I will never forget my very first case as a young Probation Officer in 1971. It was a bitterly cold winter and the temperature was below zero. The police helicopter flying over the run-down estate in Sheepridge, Huddersfield would not have been able to distinguish it from the well off area of nearby Birkby because of the depth of snow, had it not been for the smokeless chimneys. Back in 1971, few Sheepridge residents had money to buy coal for the fire or food for the fridge and they lived in one of West Yorkshire's estates of highest crime, unemployment and poverty.
In one of the Sheepridge houses lived my client, his wife and three children under five years old; the youngest being three months old. Being unemployed, heavily in debt and with his infant running a fever, the father, whose electricity had been cut off for non-payment one month earlier, illegally reconnected his supply. When he was caught, arrested and produced before the Magistrate's Court, I was asked to prepare a Social Inquiry Report on him. An SER is a document which outlines the defendant's full circumstances, his attitudes, strengths, failings, the reason behind the offence and his propensity to offend likewise in the future should he find himself in similar circumstances.

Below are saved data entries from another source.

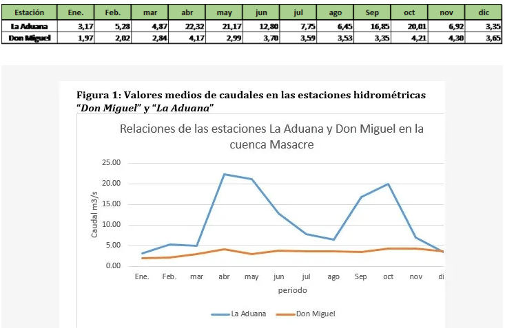 Cuadro 1: Caudales promedio río Masacre en las Estaciones hidrométricas “Don Miguel” y “La Aduana”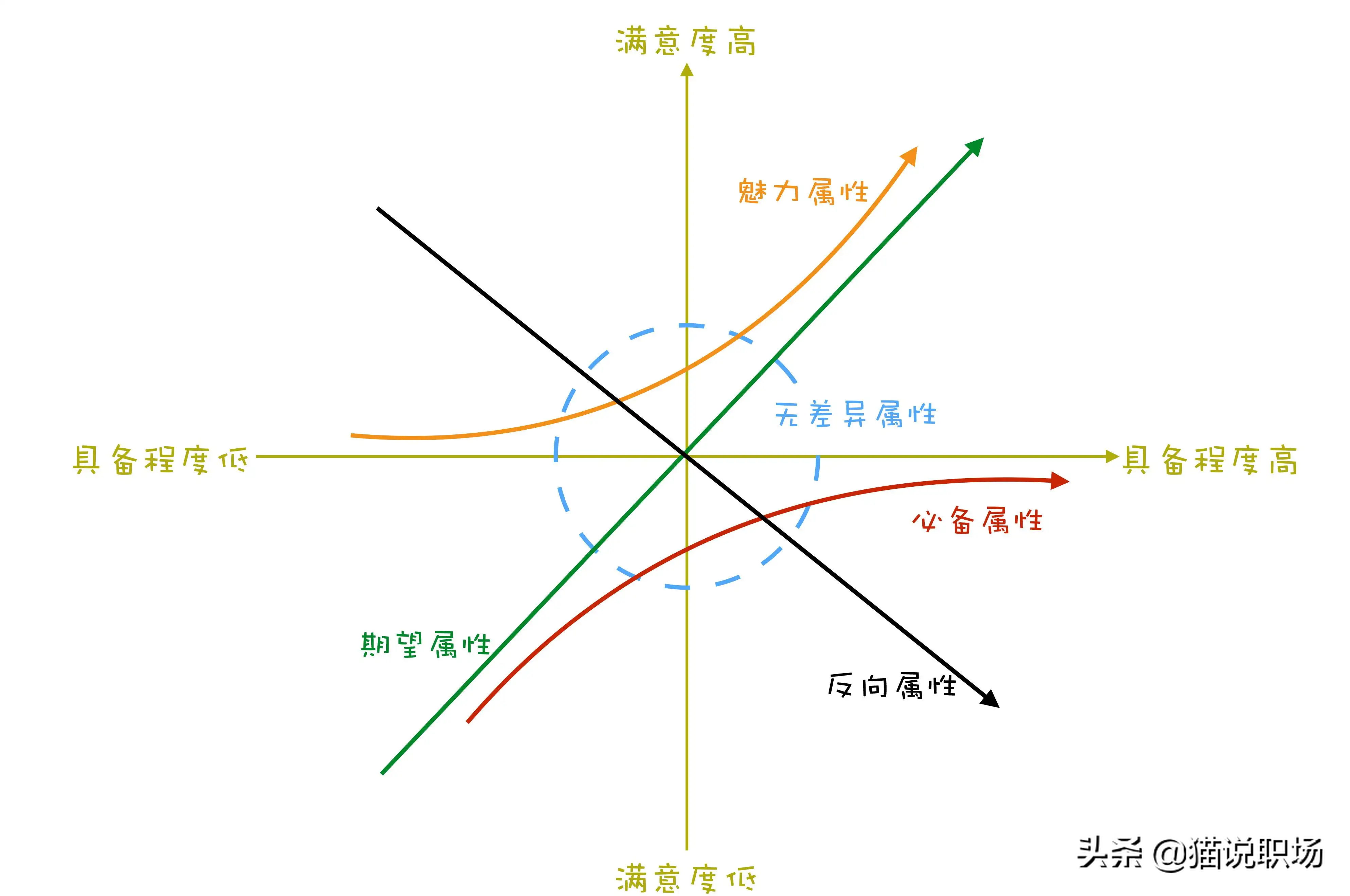 这个模型常用于分析产品需求,是东京理工大学狩野纪昭教授发明的。KANO用于定性指标,以分析用户需求对用户满意度的影响为基础,它反映了产品各个属性和用户满意度之间的非线性关系。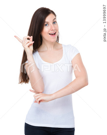 Businesswoman with folder and finger point up
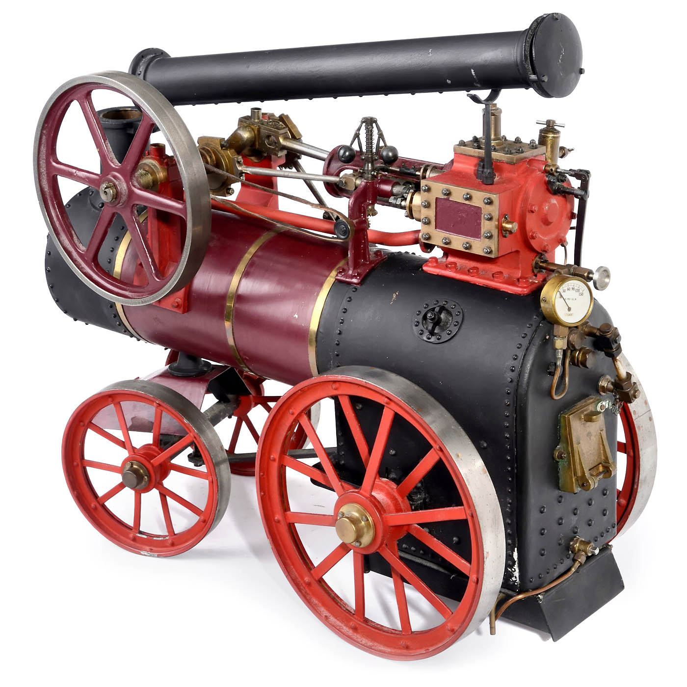 Working model of a British single-cylinder engine, polished-steel, cast-iron and brass construction, coal-fired, flame-tube boiler, Stephenson valve gear pressure indicator, water gauge level, feed pump, folding chimney, spoked wheels, front Ø 4 1/3 in., rear Ø 6 1/2 in., flywheel Ø 5 1/3 in., overall 16 x 7 ¼ x 22 1/3 in. – A detailed live-steam model with all its fixtures and fittings.

The magistrates considered the offence grave and committed the defendant to Crown Court for sentence.
When my client's Crown Court case came up, sod's law decreed that he appeared before His Honour, the late Judge James Pickles. At that time, Judge Pickles was considered by every criminal, barrister, press reporter, and probation officer in the country as the 'hanging judge,' as he was the judge who handed down the severest of penalties. Indeed, he once sent a woman to prison for being too fearful to give evidence against her violent partner.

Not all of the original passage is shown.